There’s a way we like to operate in The West. Starving to death sucks. And famine was happening a lot. So we started an effort to isolate the reasons why crops grow and why they don’t. We organized. Then we organized reality so we could control as many variables as possible. This impulse reaches its height with the Randomized Control Trial (RCT). Then we organized communities to look at the data and decide what is truth and what isn’t. And we got extreme with it. We organized forests of all things, planting trees in straight lines, planted children in straight lined desks and give them all the same tests, and planted ideas in straight lined newsfeeds and even called those communities. We control variables to understand them.

And for the most part it has worked. I like Canada – with nutrition in my body, heat on my skin in winter, air conditioning in summer, I get a ballot to hire people, I don’t fear cholera, smallpox or the plague, and from time to get to eat cheese and apple slices while flying 36,000 feet above the ground at 871 km/h. I don’t remember a famine in my lifetime. Science, patience, and learning about our ourselves in fuzzy environments has generally made our condition, and society, somewhat better. It has been effective. We could continue accumulating knowledge to make society, and the communities we live in (both meatspace and cyberspace), better.

And we’re learning more about ourselves in these social spaces [6].

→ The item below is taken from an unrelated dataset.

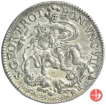 San Giorgio a cavallo rivolto a sinistra in cerchio perlinato.
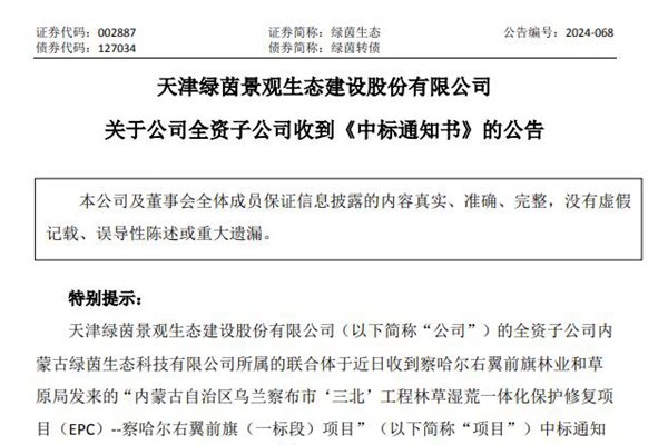 天津绿茵景观生态建设股份有限公司(简称:绿茵生态)近日公告称,公司全资子公司收到了察哈尔右翼前旗林业和草原局发来的“内蒙古自治区乌兰察布市‘三北’工程林草湿荒一体化保护修复项目(EPC)--察哈尔右翼前旗(一标段)项目”(以下简称“项目”)中标通知书。 项目主要...

In aggregate, we know that output of moderation works because some communities continue to create value. The process to get moderation to work better, or more often, is quite a bit trickier. There’s so much failure. There are so many false starts. There’s a bit of a power-law distribution when it comes to encouraging moderate communities to come into being, isn’t there? It’s still relatively rare that a community delivers aggregate social utility to its members, sustainably, or a moderate-run of time. What can be done to improve society somewhat?

I argue that it’s worth the effort to organize the knowledge about moderation because it’s at the trunk of what we do, given the beauty and existential catastrophe at the roots.

Which is why I’m mystified by Huffman’s behaviour. Reddit is a system that creates a massive amount of metadata about metadata, and he appears to be undermining the core system that generates the underlying asset value. It’s bizarre and I don’t understand it – not from a neoliberal business perspective, or a management science perspective [7] or from any philosophy that I understand.

I wonder where the next great laboratory for moderate communities will emerge. It’s worth the effort.


[0] Kurt Gödel (1931) “Über formal unentscheidbare Sätze der Principia Mathematica und verwandter Systeme, I”, Monatshefte für Mathematik und Physik, v. 38 n. 1, pp. 173–198.

[1] Arrow, K. J. (1951). Social choice and individual values (Vol. 12). Yale university press.

[2] Bellman, R. E., & Zadeh, L. A. (1970). Decision-making in a fuzzy environment. Management science17(4), B-141.

[3] Zhu, H., Kraut, R., & Kittur, A. (2012, February). Effectiveness of shared leadership in online communities. In Proceedings of the ACM 2012 conference on computer supported cooperative work (pp. 407-416).

[4] Shirky, C. (2005). A group is its own worst enemy. The best software writing I, 183-209.

[5] Kuhn, T. S. (1962). The Structure of Scientific Revolutions. Chicago (University of Chicago Press) 1962.

[6] Aral, S. (2021). The hype machine: how social media disrupts our elections, our economy, and our health–and how we must adapt. Currency.

[7] Goldfarb, A., & Xiao, M. (2011). Who thinks about the competition? Managerial ability and strategic entry in US local telephone markets. American Economic Review101(7), 3130-3161.